__Directions__:
Every entry should be reproduced precisely, with each picture left out.

__Supplied material__:
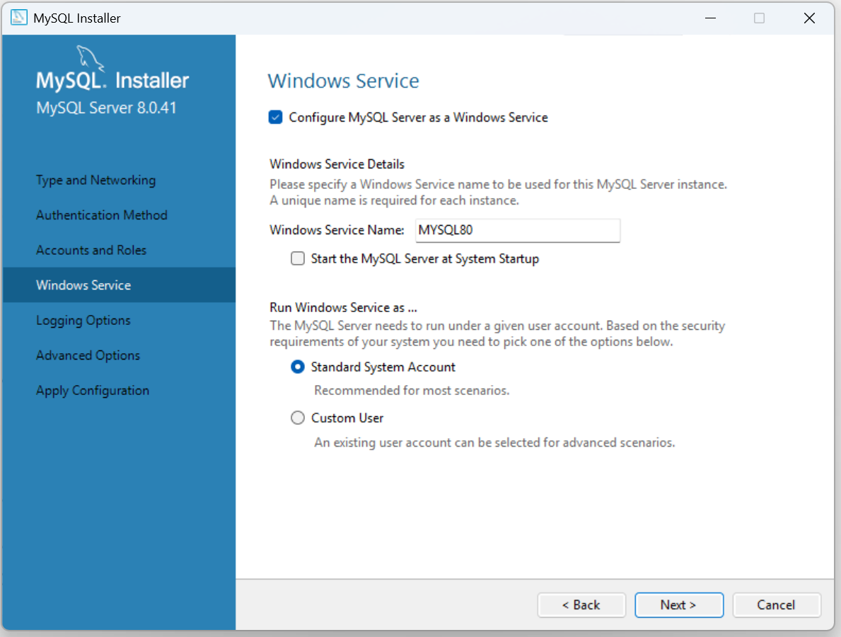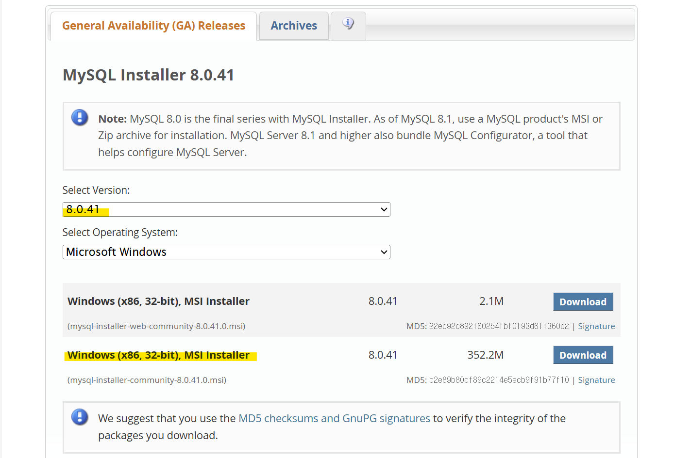MySQL Installer 8.0.41 Note: MySQL 8.0 is the final series with MySQL Installer. As of MySQL 8.1, use a MySQL product's MSI or Zip archive for installation. MySQL Server 8.1 and higher also bundle MySQL Configurator, a tool that helps configure MySQL Serve
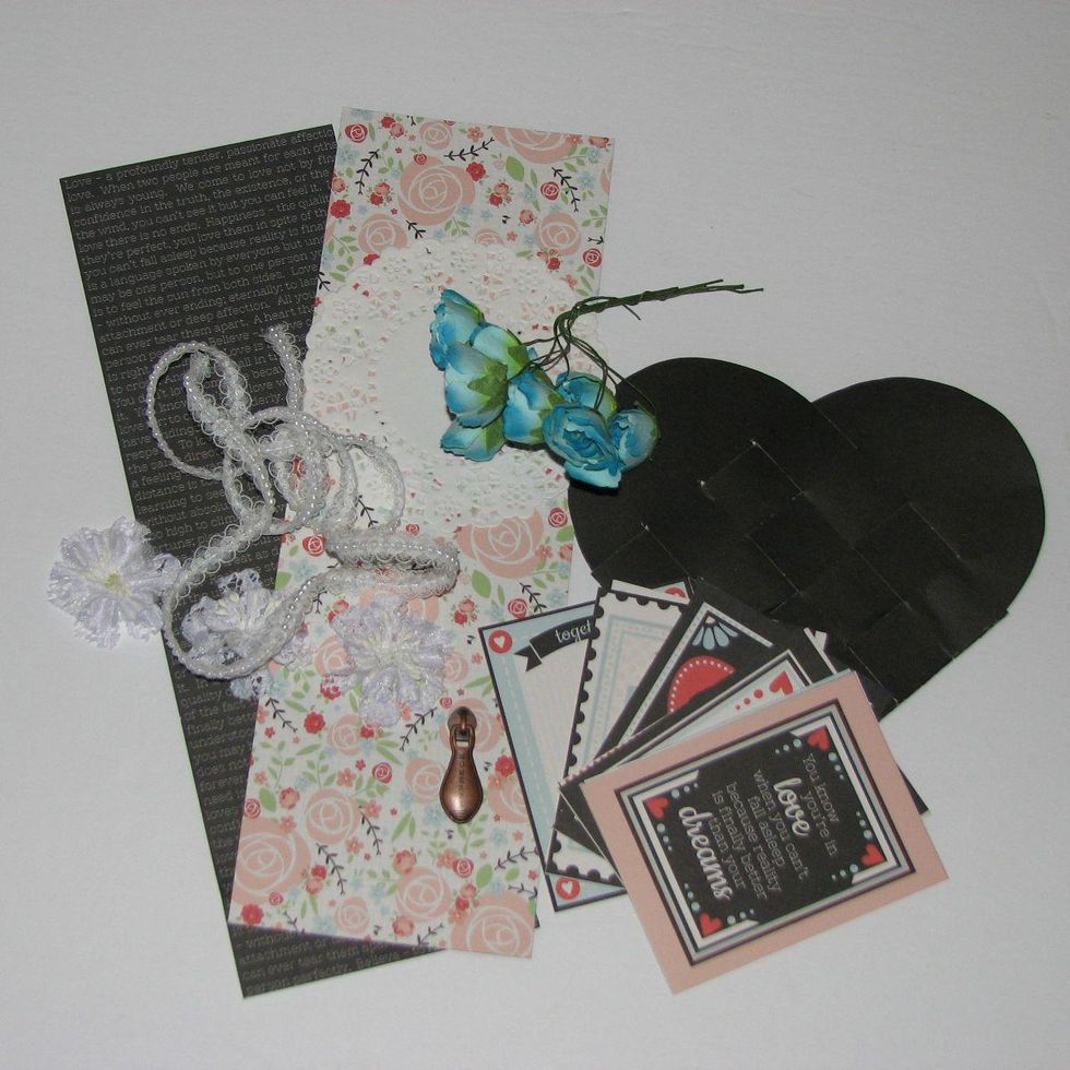 With 3 x 4 cut outs from XO paper collection. I created valentine cards to put in side Heart.
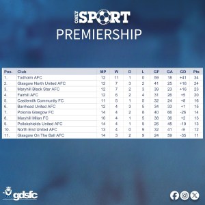 Glasgow North win → 27 pts North End win → 15 pts (moves into mid-pack)
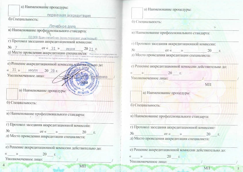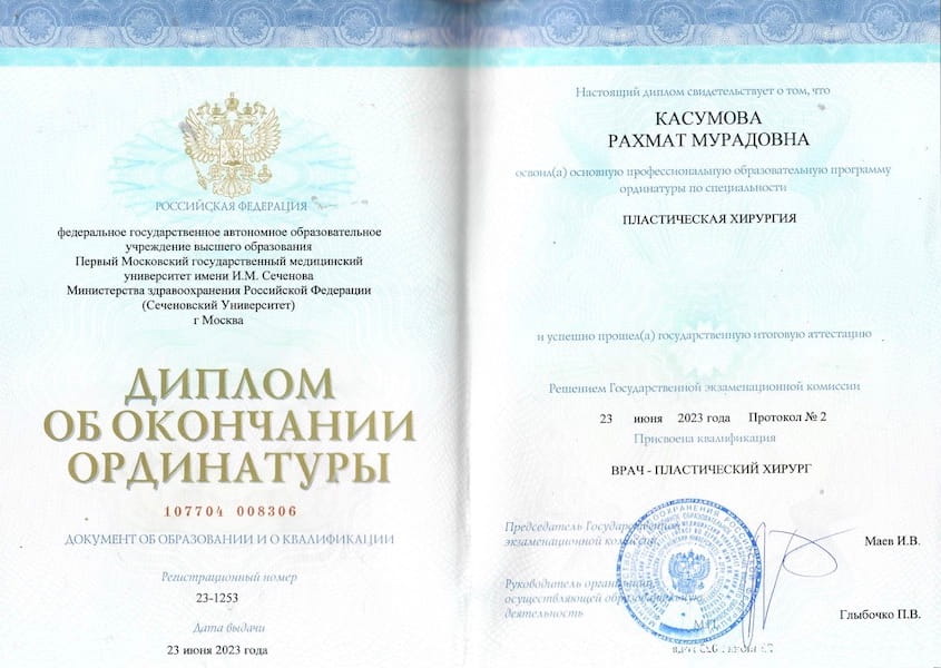 - 2023 г. – Ординатура в ПМГМУ им. И.М.Сеченова по программе «Пластическая хирургия» на кафедре онкологии, реконструктивно-пластической хирургии и радиологии
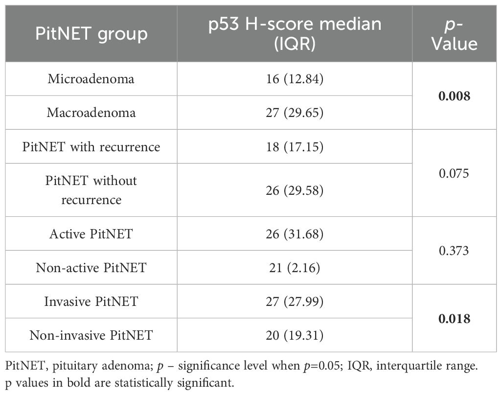 p53 is a transcription factor responsible for modulating various stress-induced antiproliferative pathways. Despite being widely studied in different malignancies, its role in the PitNETs remains unclear (43). Wang et al. revealed that miR-219a-2-3p inhibits PitNET cell proliferation, and promotes apoptosis by modulating the MDM2/p53 axis. Accordingly, miR-219a-2-3p was significantly down-regulated in PitNET cells. However, artificial overexpression of miR-219a-2-3p inhibited PitNET cell proliferation and promoted apoptosis and p53 expression (44). Abnormal p53 expression has also been reported in poorly differentiated neuroendocrine carcinomas (NECs), correlating with aggressive behavior and poorer prognosis, whereas well-differentiated NETs typically retain normal p53 expression (45, 46). In our study, we found that a higher p53 H-score was associated with invasive PitNETs, indicating that elevated p53 expression may contribute to PitNET invasiveness. Additionally, we found that a higher p53 H-score was significantly associated with larger tumor size, showing that increased p53 expression may contribute to clinical symptoms related to tumor compression. These findings suggest that p53 immunohistochemical scoring could serve as a useful tool for risk evaluation in PitNET patients. Incorporating p53 H-score into routine clinical practice may help identify tumors at higher risk of invasiveness and aggressive growth.
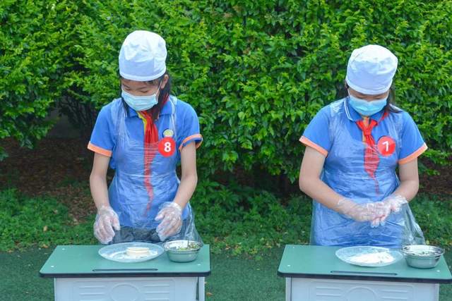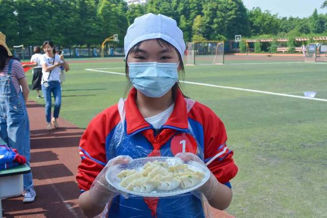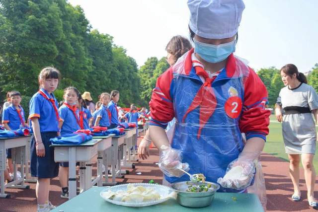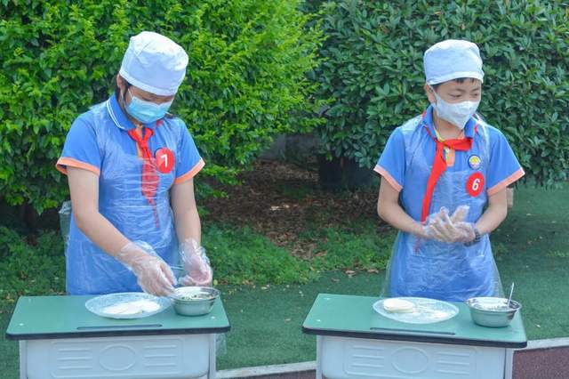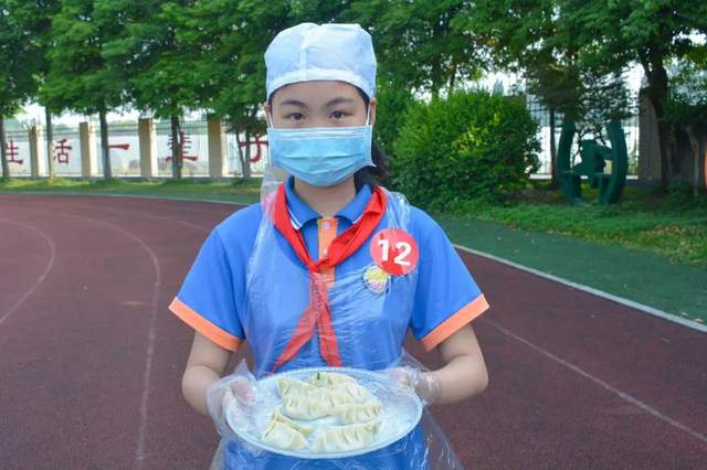 比赛号令一响,只见六年级选手们动作麻利地左手摊皮,右手装馅,再将皮和馅捏紧,整理一下,一个皮薄馅大的饺子便包好了。
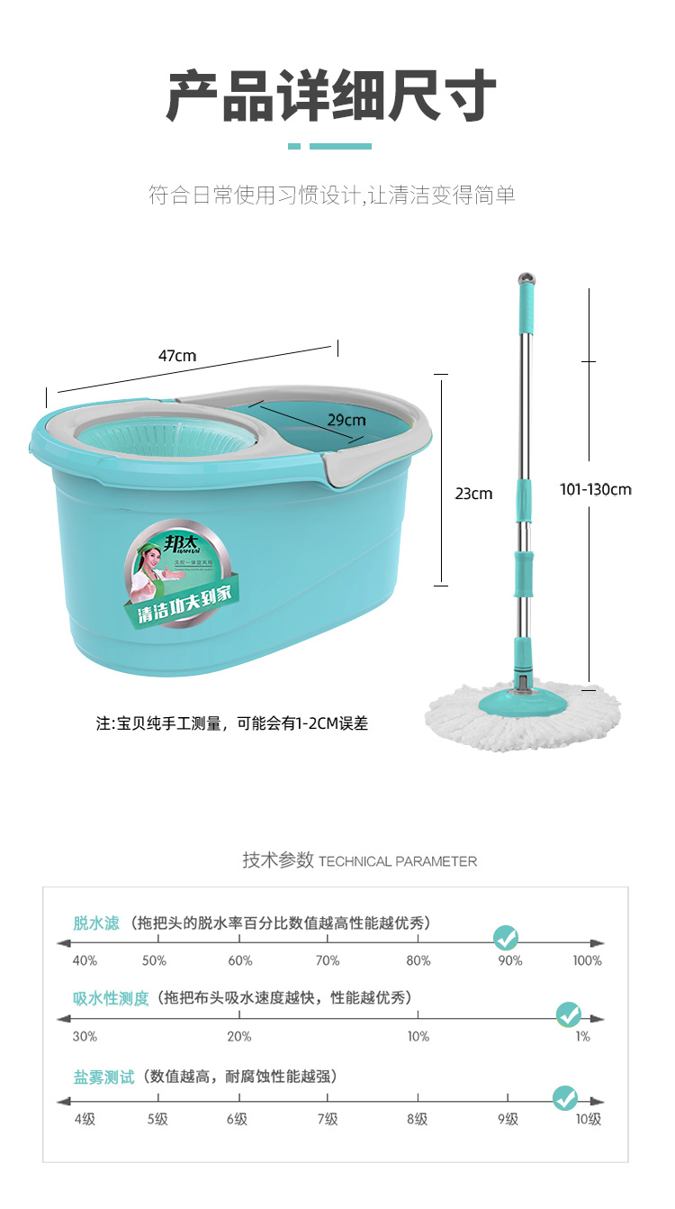 邦太旋转拖把家用甩干桶自拧水自动脱水拖把桶墩布通用一拖净
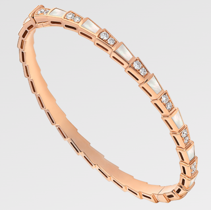 Serpenti Viper single-band half-stone and half-mother-of-pearl bracelet(宝家Serpenti Viper半钻半贝母单圈手镯)
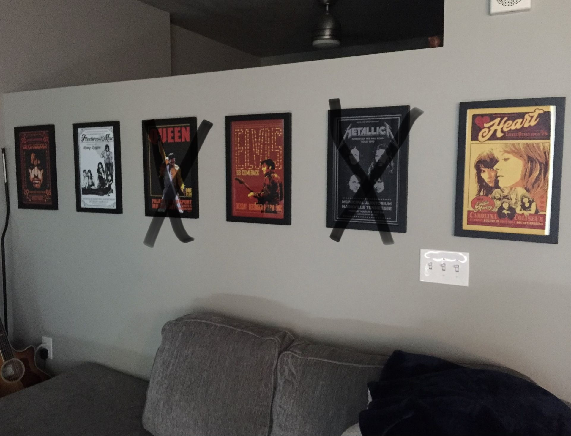 $30 per poster or $100 for all 4 (frames included) Available: Heart, Elvis, Fleetwood Mac, Alice Cooper
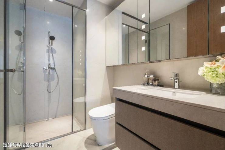 卫生间镜柜内嵌插座,一次性解决吹风机、卷发棒等长期“连线”需求。柜门后设有隐形层架,实现 “用品视野化”。每户主卧还标配美妆冰箱,精华、面膜、眼霜与食材彻底分离。
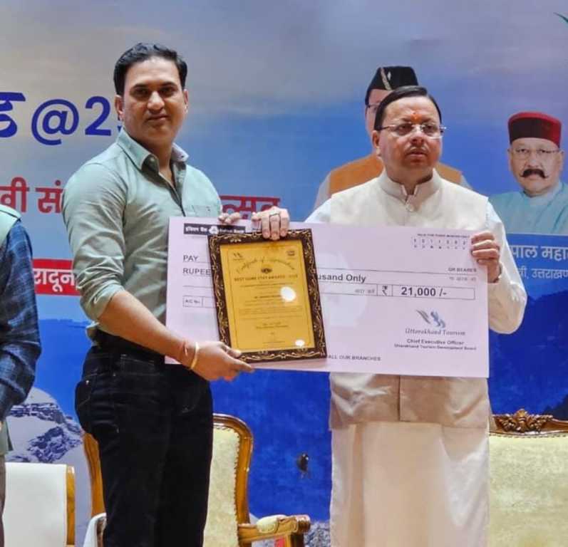 भीमताल/ ग्राम पंचायत जंगलिया गांव में पर्यटन की तमाम संभावनाएं हैं यहां पर वर्ष भर पर्यटकों का आवागम लगा रहता है तथा 85 प्रतिशत भू भाग जंगल से घिरा हुआ है एवं एक पौराणिक पवित्र धाम सिद्ध मंदिर है जो कि चारों तरफ बांज बुरांश काफल तिमूर तथा अन्य दुर्लभ प्रजातियां पाई जाती हैं ग्राम प्रधान राधा कुल्याल ने यह सम्मान पंचायत को मिलने पर खुशी जताई है तथा अरुणोदय के संचालक उमंग वासुदेव को बधाई प्रेषित की है इस सम्मान में प्रतीक चिन्ह तथा 21000 रु की धनराशि दी है राधा कुल्याल ने सभी होम स्टे संचालकों से ग्राम पंचायत की आय बढ़ाने में आर्थिक सहयोग की अपील की है क्षेत्र के सामाजिक कार्यकर्ता प्रेम सिंह कुल्याल ने पर्यटन विभाग से जंगलिया गांव स्थित छोटा कैलाश द्वार का पुनर्निर्माण तथा सैम मंदिर का सौंदर्यीकरण कार्य करने की मांग की है जिला पर्यटन अधिकारी अतुल भंडारी ने बताया कि वह अपने स्तर से उक्त दोनों कार्यों को करने का प्रयास करेंगे
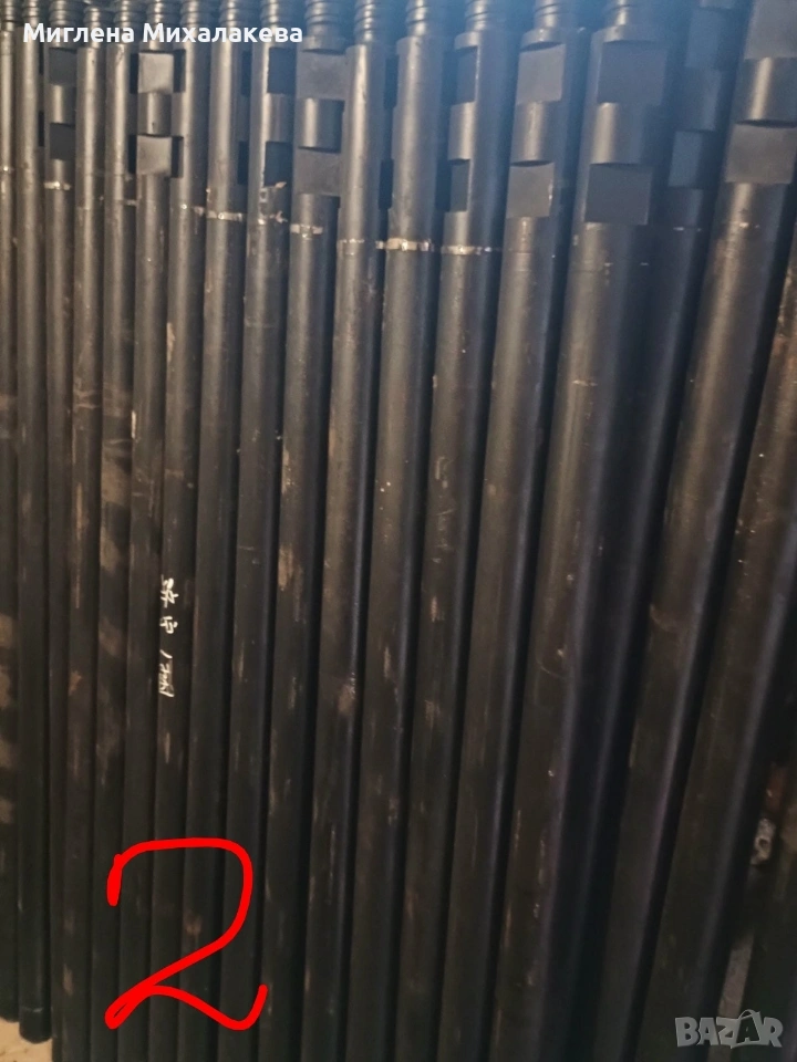 На първа и втора снимка,сондажни лостове 1500 мм, 60мм -дебелина,40мм-захватЦена за един брой 135,49 euro. На трета снимка вид длето, размер на първа предна част 150мм и втори проширител 265 мм. Пробива меки скали глини,мергели, пясък.Комплекта е 894,76 euro. Може със резервна предна част+ 286.32 euro на четвъртата снимка.На последна пета снимка Водна помпа 3 цола 357,90 euro

__Response to the exercise__:
MySQL Installer 8.0.41 Note: MySQL 8.0 is the final series with MySQL Installer. As of MySQL 8.1, use a MySQL product's MSI or Zip archive for installation. MySQL Server 8.1 and higher also bundle MySQL Configurator, a tool that helps configure MySQL Serve
 With 3 x 4 cut outs from XO paper collection. I created valentine cards to put in side Heart.
 Glasgow North win → 27 pts North End win → 15 pts (moves into mid-pack)
 - 2023 г. – Ординатура в ПМГМУ им. И.М.Сеченова по программе «Пластическая хирургия» на кафедре онкологии, реконструктивно-пластической хирургии и радиологии
 p53 is a transcription factor responsible for modulating various stress-induced antiproliferative pathways. Despite being widely studied in different malignancies, its role in the PitNETs remains unclear (43). Wang et al. revealed that miR-219a-2-3p inhibits PitNET cell proliferation, and promotes apoptosis by modulating the MDM2/p53 axis. Accordingly, miR-219a-2-3p was significantly down-regulated in PitNET cells. However, artificial overexpression of miR-219a-2-3p inhibited PitNET cell proliferation and promoted apoptosis and p53 expression (44). Abnormal p53 expression has also been reported in poorly differentiated neuroendocrine carcinomas (NECs), correlating with aggressive behavior and poorer prognosis, whereas well-differentiated NETs typically retain normal p53 expression (45, 46). In our study, we found that a higher p53 H-score was associated with invasive PitNETs, indicating that elevated p53 expression may contribute to PitNET invasiveness. Additionally, we found that a higher p53 H-score was significantly associated with larger tumor size, showing that increased p53 expression may contribute to clinical symptoms related to tumor compression. These findings suggest that p53 immunohistochemical scoring could serve as a useful tool for risk evaluation in PitNET patients. Incorporating p53 H-score into routine clinical practice may help identify tumors at higher risk of invasiveness and aggressive growth.
 比赛号令一响,只见六年级选手们动作麻利地左手摊皮,右手装馅,再将皮和馅捏紧,整理一下,一个皮薄馅大的饺子便包好了。
 邦太旋转拖把家用甩干桶自拧水自动脱水拖把桶墩布通用一拖净
 Serpenti Viper single-band half-stone and half-mother-of-pearl bracelet(宝家Serpenti Viper半钻半贝母单圈手镯)
 $30 per poster or $100 for all 4 (frames included) Available: Heart, Elvis, Fleetwood Mac, Alice Cooper
 卫生间镜柜内嵌插座,一次性解决吹风机、卷发棒等长期“连线”需求。柜门后设有隐形层架,实现 “用品视野化”。每户主卧还标配美妆冰箱,精华、面膜、眼霜与食材彻底分离。
 भीमताल/ ग्राम पंचायत जंगलिया गांव में पर्यटन की तमाम संभावनाएं हैं यहां पर वर्ष भर पर्यटकों का आवागम लगा रहता है तथा 85 प्रतिशत भू भाग जंगल से घिरा हुआ है एवं एक पौराणिक पवित्र धाम सिद्ध मंदिर है जो कि चारों तरफ बांज बुरांश काफल तिमूर तथा अन्य दुर्लभ प्रजातियां पाई जाती हैं ग्राम प्रधान राधा कुल्याल ने यह सम्मान पंचायत को मिलने पर खुशी जताई है तथा अरुणोदय के संचालक उमंग वासुदेव को बधाई प्रेषित की है इस सम्मान में प्रतीक चिन्ह तथा 21000 रु की धनराशि दी है राधा कुल्याल ने सभी होम स्टे संचालकों से ग्राम पंचायत की आय बढ़ाने में आर्थिक सहयोग की अपील की है क्षेत्र के सामाजिक कार्यकर्ता प्रेम सिंह कुल्याल ने पर्यटन विभाग से जंगलिया गांव स्थित छोटा कैलाश द्वार का पुनर्निर्माण तथा सैम मंदिर का सौंदर्यीकरण कार्य करने की मांग की है जिला पर्यटन अधिकारी अतुल भंडारी ने बताया कि वह अपने स्तर से उक्त दोनों कार्यों को करने का प्रयास करेंगे
 На първа и втора снимка,сондажни лостове 1500 мм, 60мм -дебелина,40мм-захватЦена за един брой 135,49 euro. На трета снимка вид длето, размер на първа предна част 150мм и втори проширител 265 мм. Пробива меки скали глини,мергели, пясък.Комплекта е 894,76 euro. Може със резервна предна част+ 286.32 euro на четвъртата снимка.На последна пета снимка Водна помпа 3 цола 357,90 euro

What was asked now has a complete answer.